START Data excerpts

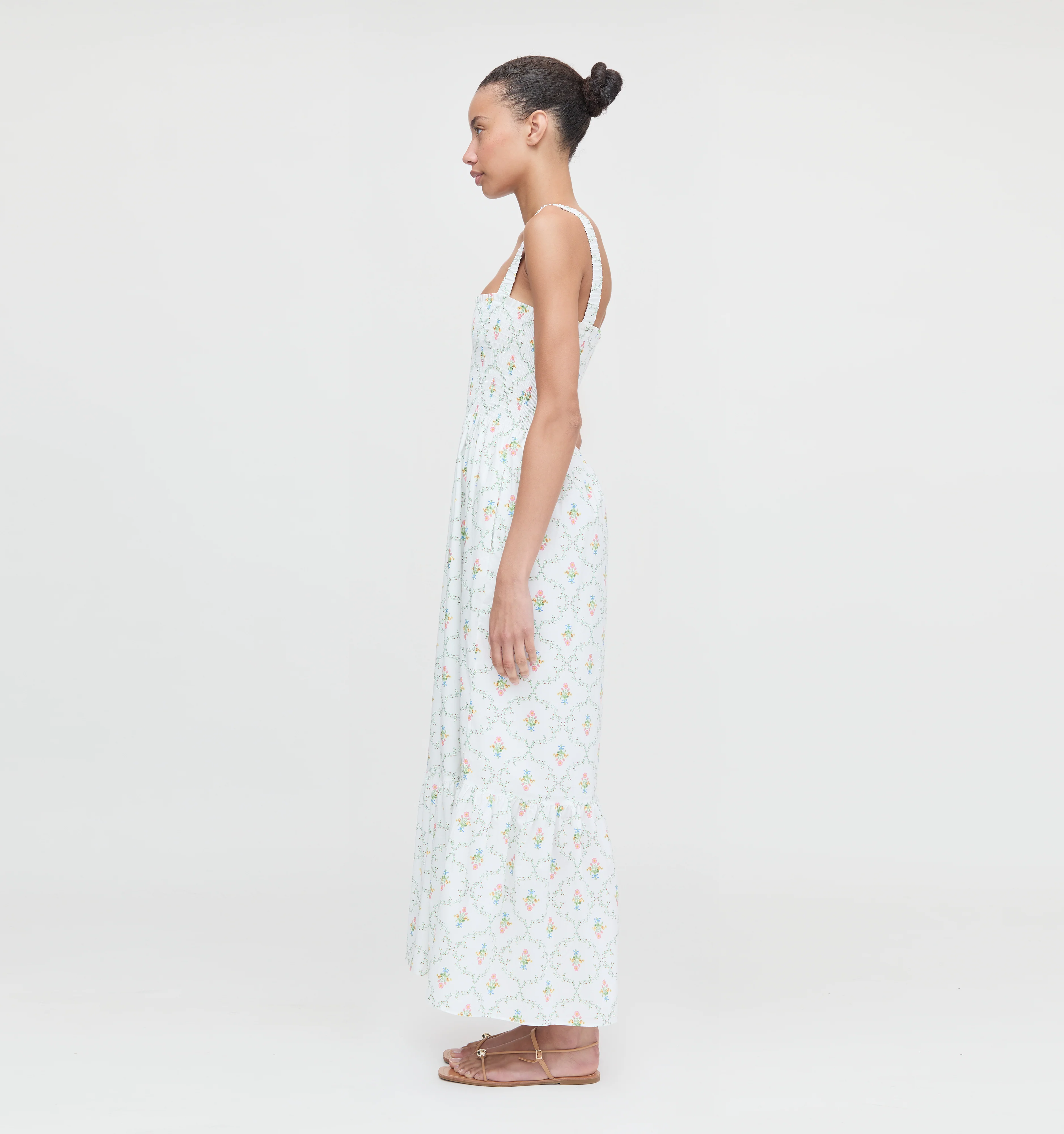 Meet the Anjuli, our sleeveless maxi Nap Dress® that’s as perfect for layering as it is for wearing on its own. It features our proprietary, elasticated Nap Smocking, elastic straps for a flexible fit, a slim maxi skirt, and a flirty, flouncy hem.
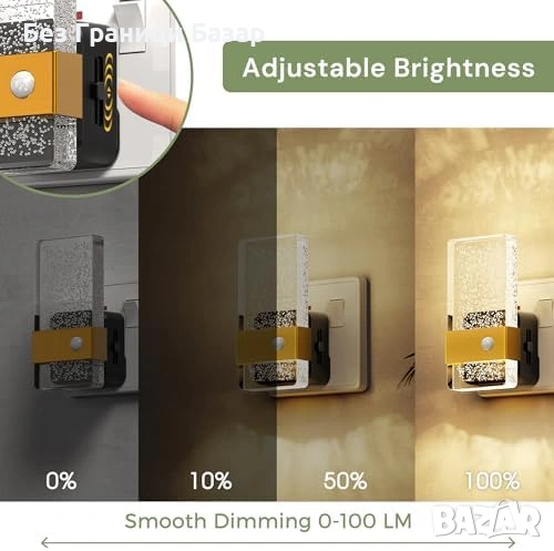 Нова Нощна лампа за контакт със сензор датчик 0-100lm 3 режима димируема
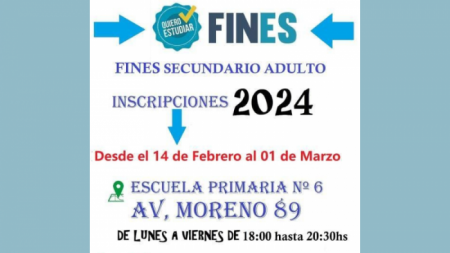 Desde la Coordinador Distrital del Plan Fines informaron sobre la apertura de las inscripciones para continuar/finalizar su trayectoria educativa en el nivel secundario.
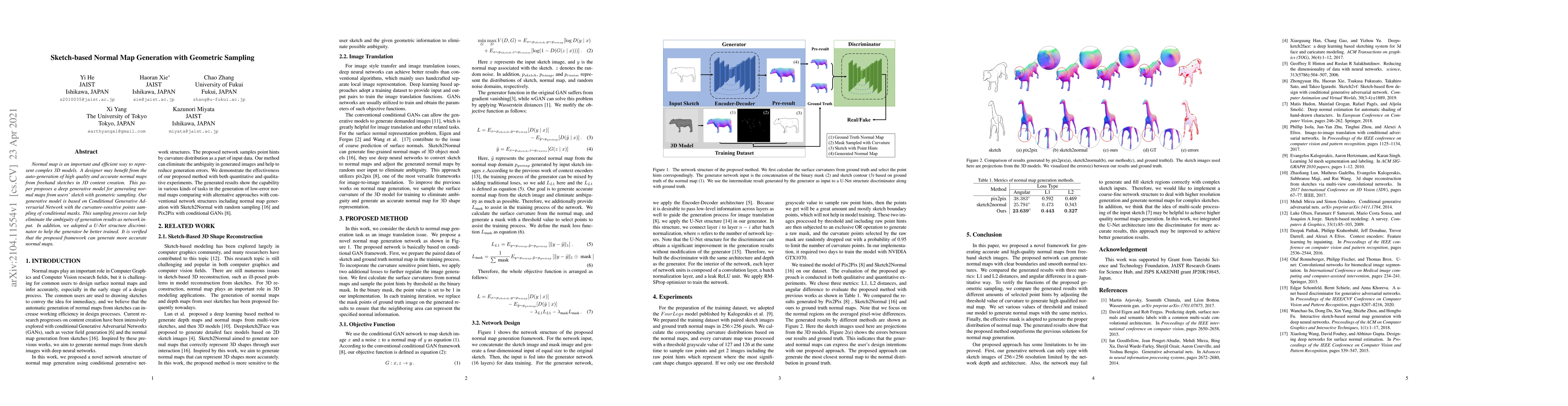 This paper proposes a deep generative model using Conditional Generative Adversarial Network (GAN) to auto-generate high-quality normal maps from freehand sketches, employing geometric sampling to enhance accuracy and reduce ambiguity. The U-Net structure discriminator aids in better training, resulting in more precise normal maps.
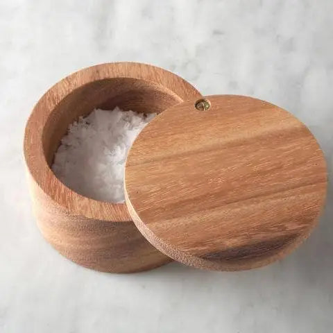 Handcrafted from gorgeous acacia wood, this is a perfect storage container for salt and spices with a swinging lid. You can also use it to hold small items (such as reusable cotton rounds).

END Data excerpts
START Data excerpts

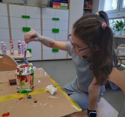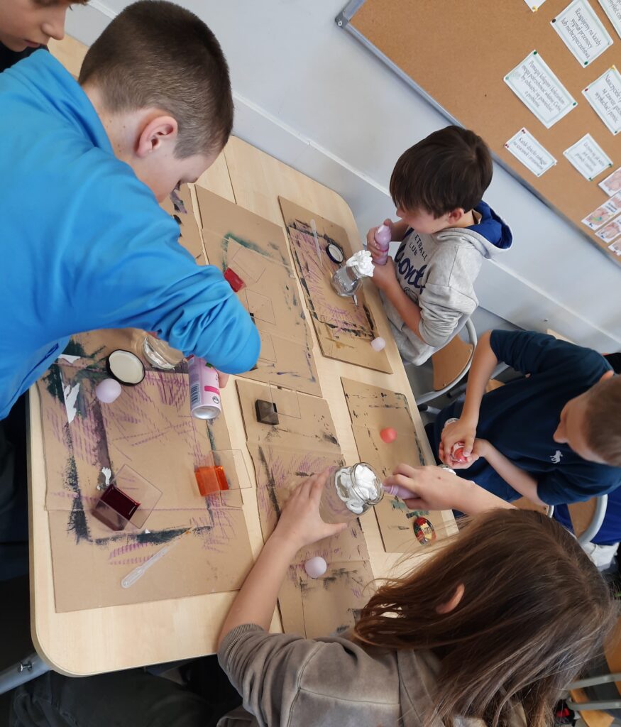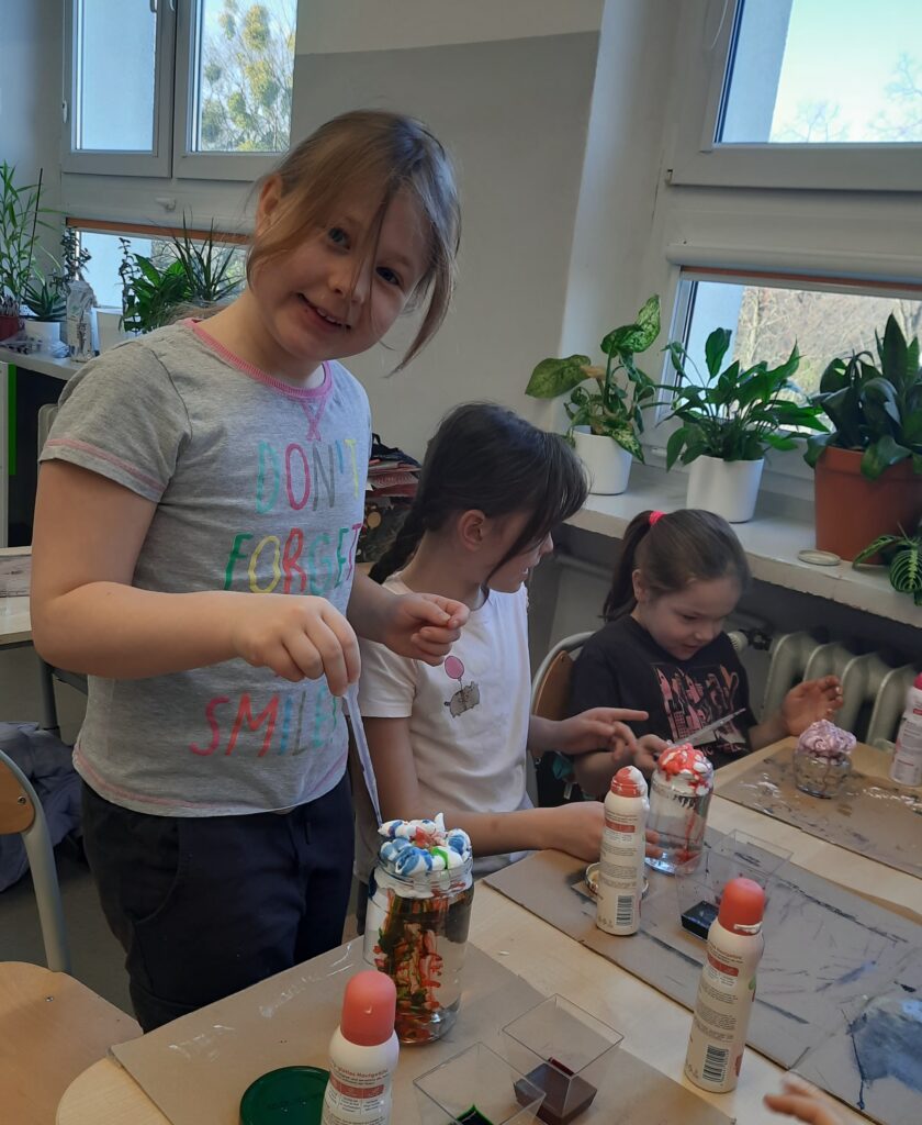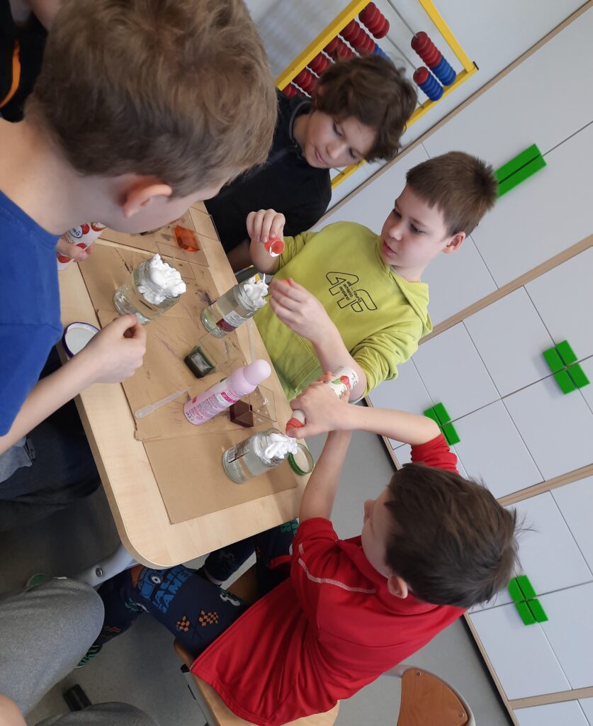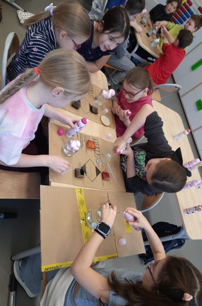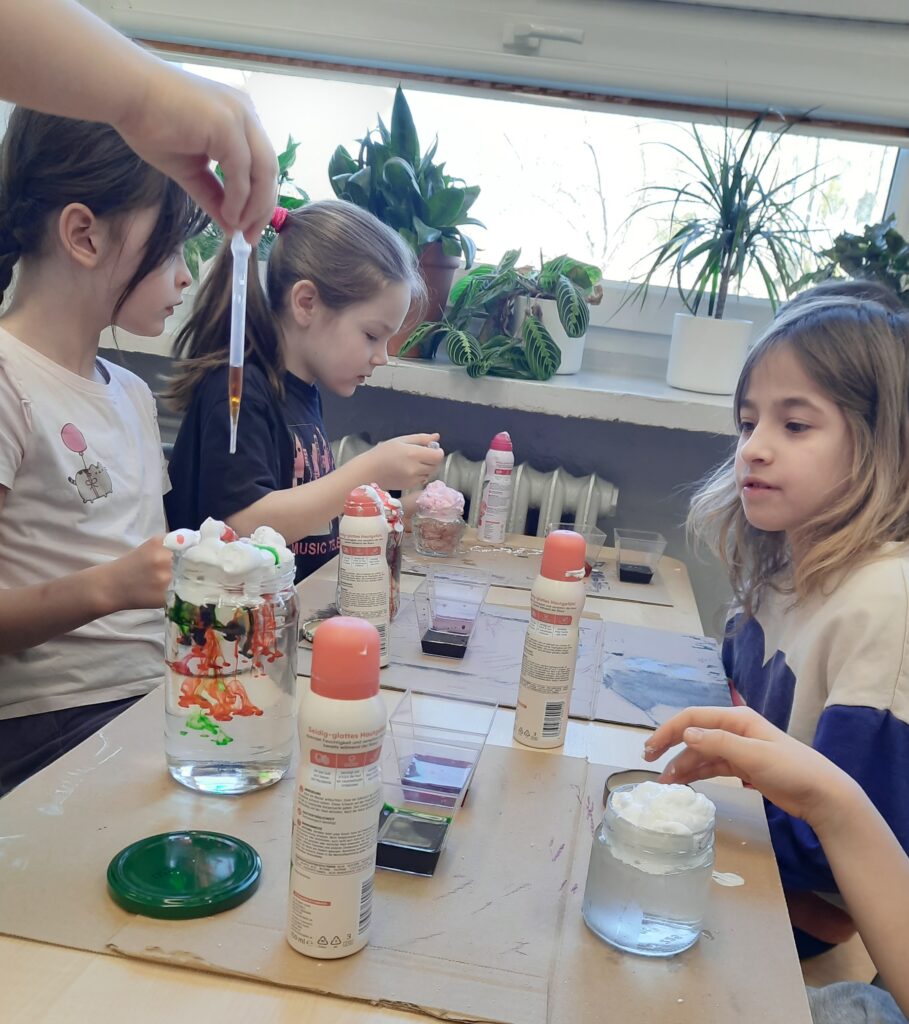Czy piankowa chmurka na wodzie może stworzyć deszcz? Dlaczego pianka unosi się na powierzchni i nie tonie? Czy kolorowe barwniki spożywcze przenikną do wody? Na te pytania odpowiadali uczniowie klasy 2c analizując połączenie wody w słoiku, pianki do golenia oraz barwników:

END Data excerpts
START Data excerpts

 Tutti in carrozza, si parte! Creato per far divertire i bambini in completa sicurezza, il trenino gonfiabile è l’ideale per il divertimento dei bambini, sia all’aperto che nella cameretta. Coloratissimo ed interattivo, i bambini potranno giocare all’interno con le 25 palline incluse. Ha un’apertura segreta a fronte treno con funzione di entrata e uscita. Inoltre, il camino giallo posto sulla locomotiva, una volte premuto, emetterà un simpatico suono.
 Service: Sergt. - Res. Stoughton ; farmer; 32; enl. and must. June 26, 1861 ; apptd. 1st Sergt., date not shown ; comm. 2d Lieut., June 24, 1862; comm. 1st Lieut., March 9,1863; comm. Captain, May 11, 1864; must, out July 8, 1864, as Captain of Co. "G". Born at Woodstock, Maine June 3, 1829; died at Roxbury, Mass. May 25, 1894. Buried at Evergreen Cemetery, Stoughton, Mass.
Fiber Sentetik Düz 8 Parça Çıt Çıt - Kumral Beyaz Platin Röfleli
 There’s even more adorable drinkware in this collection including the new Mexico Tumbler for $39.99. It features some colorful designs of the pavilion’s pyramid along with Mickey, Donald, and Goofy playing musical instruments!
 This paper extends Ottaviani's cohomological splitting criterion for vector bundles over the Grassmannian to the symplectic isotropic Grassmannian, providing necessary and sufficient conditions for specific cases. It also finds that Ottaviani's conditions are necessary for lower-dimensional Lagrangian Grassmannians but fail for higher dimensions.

END Data excerpts

Work to be completed ->
Nothing outside the stretch above, from the line with "Meet the Anjuli, our" through the line with "This paper proposes", is set down. Transcribe that stretch exactly, ends included, but not its pictures.

Exercise answer ->
 Meet the Anjuli, our sleeveless maxi Nap Dress® that’s as perfect for layering as it is for wearing on its own. It features our proprietary, elasticated Nap Smocking, elastic straps for a flexible fit, a slim maxi skirt, and a flirty, flouncy hem.
 Нова Нощна лампа за контакт със сензор датчик 0-100lm 3 режима димируема
 Desde la Coordinador Distrital del Plan Fines informaron sobre la apertura de las inscripciones para continuar/finalizar su trayectoria educativa en el nivel secundario.
 This paper proposes a deep generative model using Conditional Generative Adversarial Network (GAN) to auto-generate high-quality normal maps from freehand sketches, employing geometric sampling to enhance accuracy and reduce ambiguity. The U-Net structure discriminator aids in better training, resulting in more precise normal maps.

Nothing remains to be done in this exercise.